Each year, between 5 percent and 20 percent of the world population catches the flu, which causes about between 3 million and 5 million severe cases and between 300,000 and 500,000 deaths worldwide. The new study analyses the effectiveness of anti-influenza vaccines to reduce the most severe effects of the flu: ICU admissions and death of patients whose vaccine did not prevent them from getting infected. To do so, researchers study all severe cases of influenza in twelve Catalan hospitals during the influenza seasons in 2010-2011 and 2015-2016, a period during which 1,727 patients over 18 entered the hospital, 591 being ICU admissions and 223 resulting in deaths.

Results show that, among those ICU admissions and deaths, vaccination was less frequent (21.2 percent of the cases) than the rest of the patients with more benign symptomatology, 29.7  percent of them being vaccinated. Therefore, the effectiveness of influenza vaccination to prevent ICU admissions or death among the total people in hospital for influenza was of 23 percent, and in particular, a 44 percent for the group of people aged 65.

"We should add the effectiveness of the vaccine to prevent the flu to these percentages.
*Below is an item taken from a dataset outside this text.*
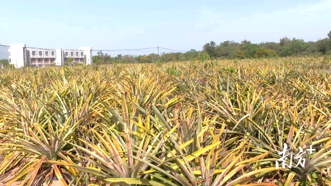 新盐村富悦来生态农场负责人梁荣华介绍,今年凤梨有点缺水,长势和去年有点差别,上市的时间稍微会推迟一点,大概要5月中下旬。现在主要是进行除草工作。今年首批凤梨大概是30万斤。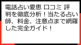 電話占い愛恵の口コミ・評判を徹底解剖!当たる先生から料金、注意点まで完全ガイド 電話占い愛恵について調べているあなたへ、この記事では、電話占い愛恵の口コミや評判を徹底的に分析し、その魅力を余すところなくお伝えします。 「当たる」と評判の先生...

These data highlight the need of an influenza vaccine for each season for those people who are more likely to show severe types of influenza, such as people over 65, and people with other diseases, for whom the influenza vaccine was not enough to prevent the infection from appearing," note the authors.

In the study, researchers note an explanation for these results would be the role the immune system plays. "People who were previously infected by the virus or who received anti-influenza vaccines would get benefits, at least, in the pre-existing cross-reactive memory of cytotoxic T lymphocytes, which would reduce the severity of the infection, even without protective antibodies," they conclude.